Joy is such a simple word. Only three short letters, but for a person who has lost a child it seems like a BIG word with a complex meaning. The meaning I found when I googled it says the word joy: is the emotion of great delight or happiness caused by something exceptionally good or satisfying. The meaning for joy reminds me of the song, I’ve got the joy, joy, joy, joy, down in my heart, down in my heart, down in my heart… You probably know that song, it has a catchy tune.

As far as I’m concerned, I can get joy from eating my favorite food, drinking coffee or doing something fun. So I’m not sure this is the correct definition I am looking for. I know joy is an attitude that comes, goes and is not guaranteed. It is something we have a choice every day to create. Joy is a feeling which seems to come in good times more than bad. I think the meaning of joy is the experience of something so fulfilling, vibrant, which may only last for a moment, but brings your inner soul happiness. It is something that not everyone allows themselves to experience. It’s not until you take the time to just be and let God show you it. So why is it so hard to find your joy after child loss?

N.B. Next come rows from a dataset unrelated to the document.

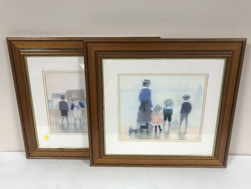 A gilt framed mirror and a pair of framed prints - figures on a beach
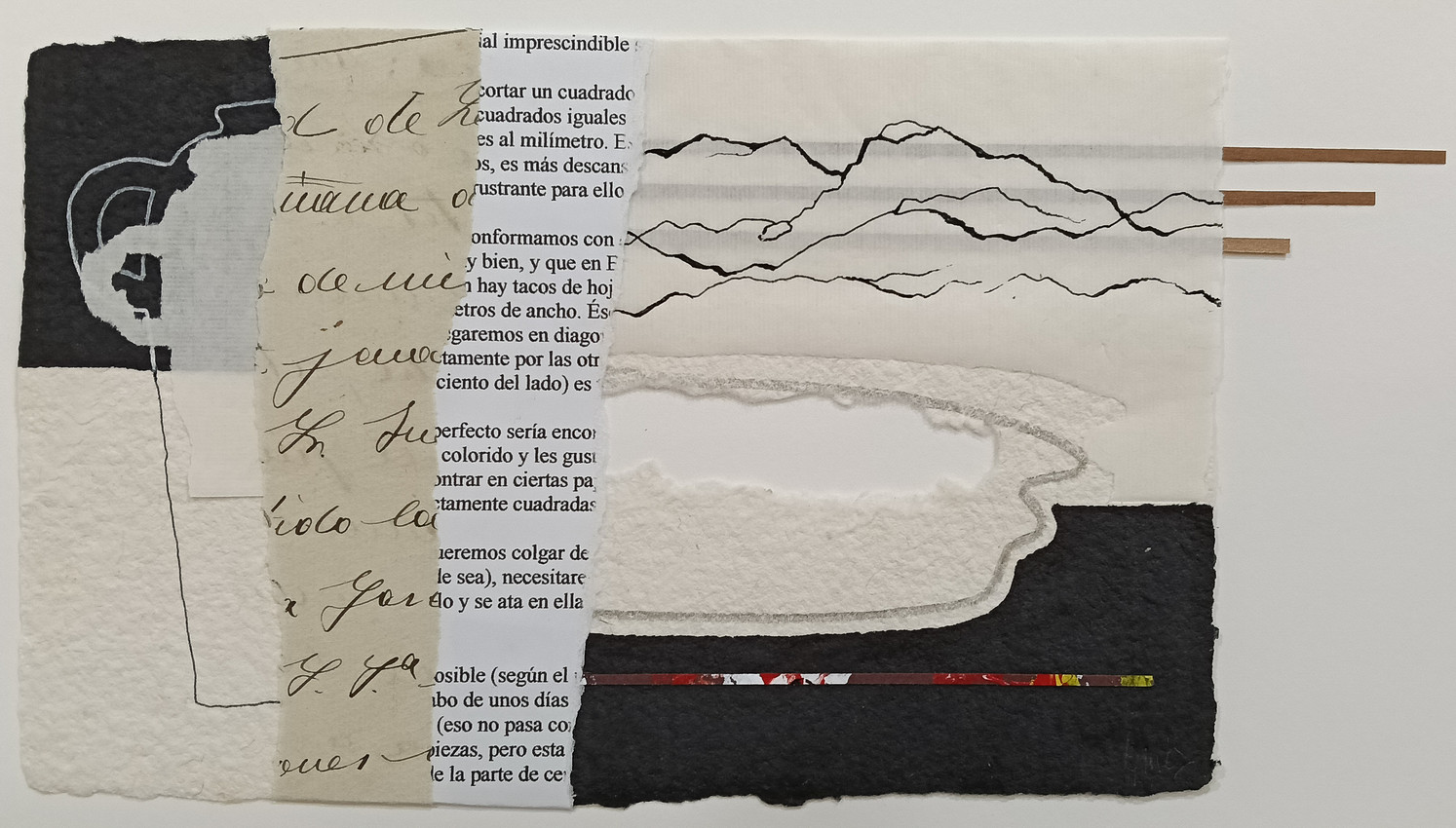 Obra de pequeño formato realizado mediante la técnica de COLLAGE, a base de papeles tintados, papel manuscrito original de principios del siglo XX, cartulinas y papeles varios
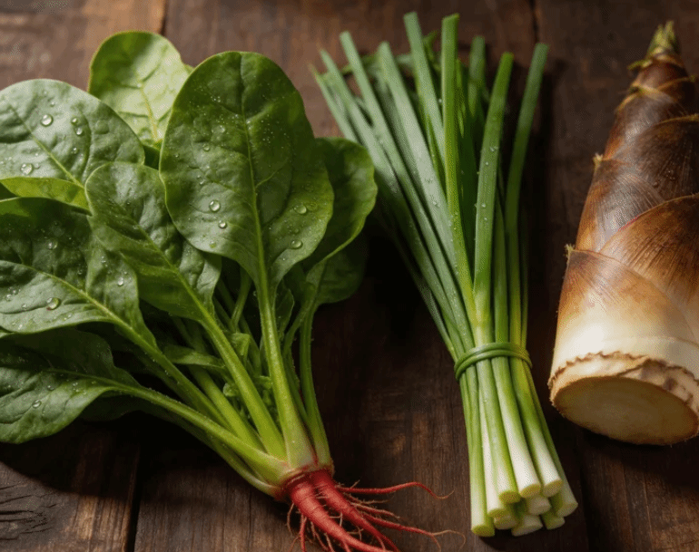 3. 菠菜、韭菜、春笋
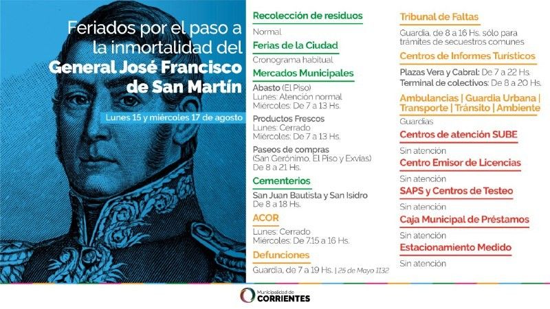 La Municipalidad de Corrientes informa acerca delfuncionamiento de los servicios que habitualmente brinda en virtud del feriado nacional del lunes 15 de agosto, y el feriado provincial del miércoles 17, en conmemoración al 172º aniversario del fallecimiento del General José Francisco de San Martín.
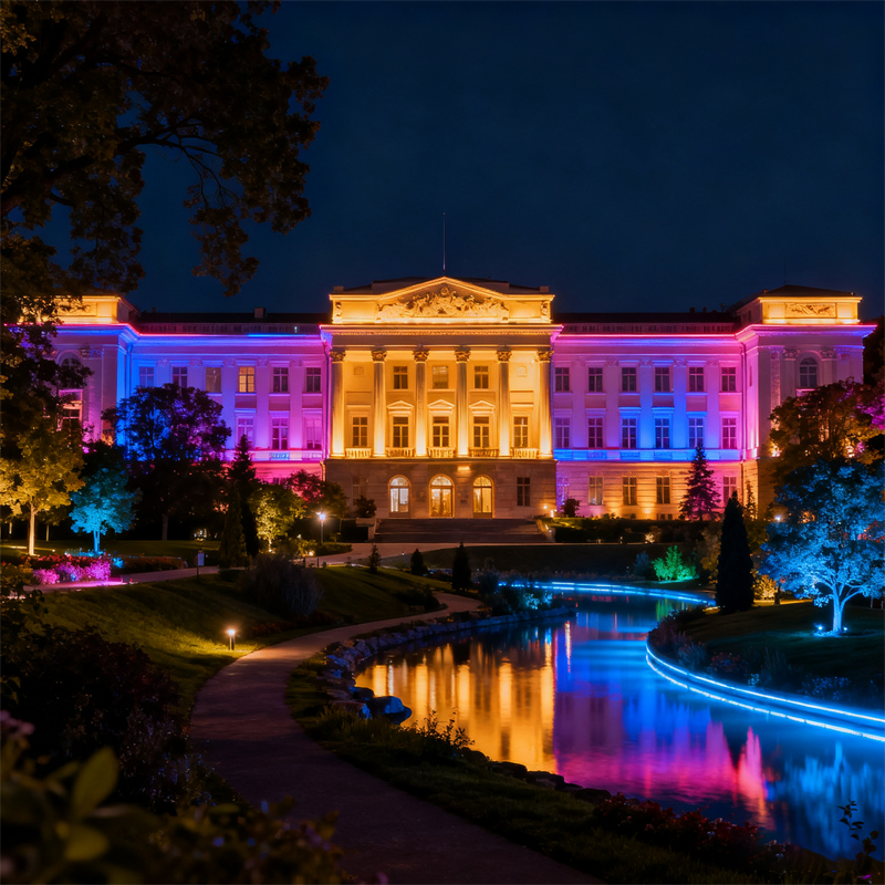 凭借集团全产业链优势,联动旗下子公司实现能源供应、劳务保障、项目管控的高效协同,在设计中兼顾美学呈现与实用需求,注重灯光与建筑形态、自然环境的和谐融合,通过科学的光影布局与节能技术应用,既提升场景夜间视觉效果,又保障照明的稳定性与经济性,助力城市夜间景观升级与功能完善。
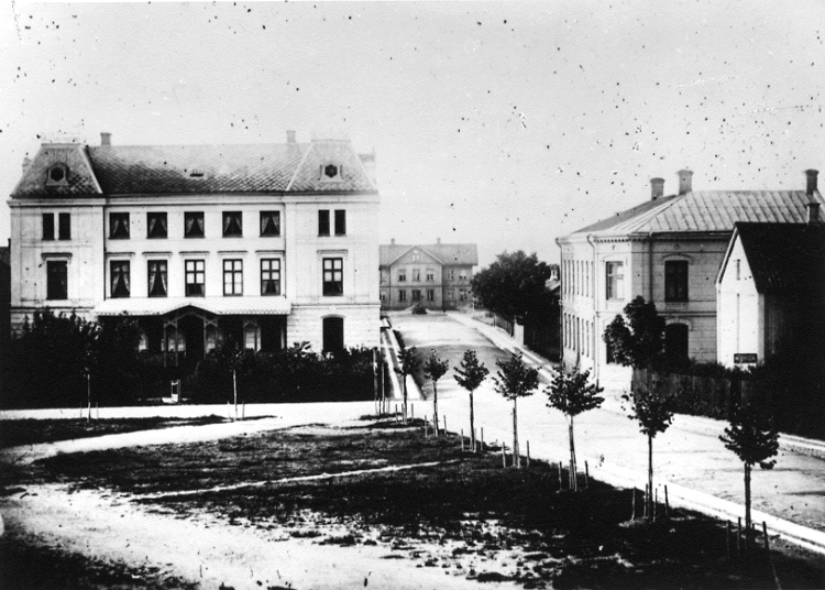 Järnvägsgatan med stationshuset i fonden. Fotografi från tidigt 1890-tal.
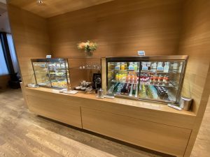 Neben dem erwähnten á la Carte Bereich, gibt es in der Lounge auch noch ein kleines Buffet, ähnlich zu dem in der „alten“ First Class Lounge A. Die Karte des Restaurants ist hierbei identisch, zu der in der Lounge bei den E Gates.

It seems so easy. But it’s been 4 years in August that I lost my son Tyler in a car accident just a short distance from my home. It was that night that I lost my joy. I can remember being so excited to see him play his first high school football game the following week. He had just turned 15 years old on August 20, 2013, just three short days before the accident. I really thought my life was great to the point that it couldn’t get much better. Well, on August 23, 2013 God had other plans and in 30 minutes from the time he left our home my life had changed. I have never gotten mad at God or anyone. I have thanked him for giving us 15 years with Tyler.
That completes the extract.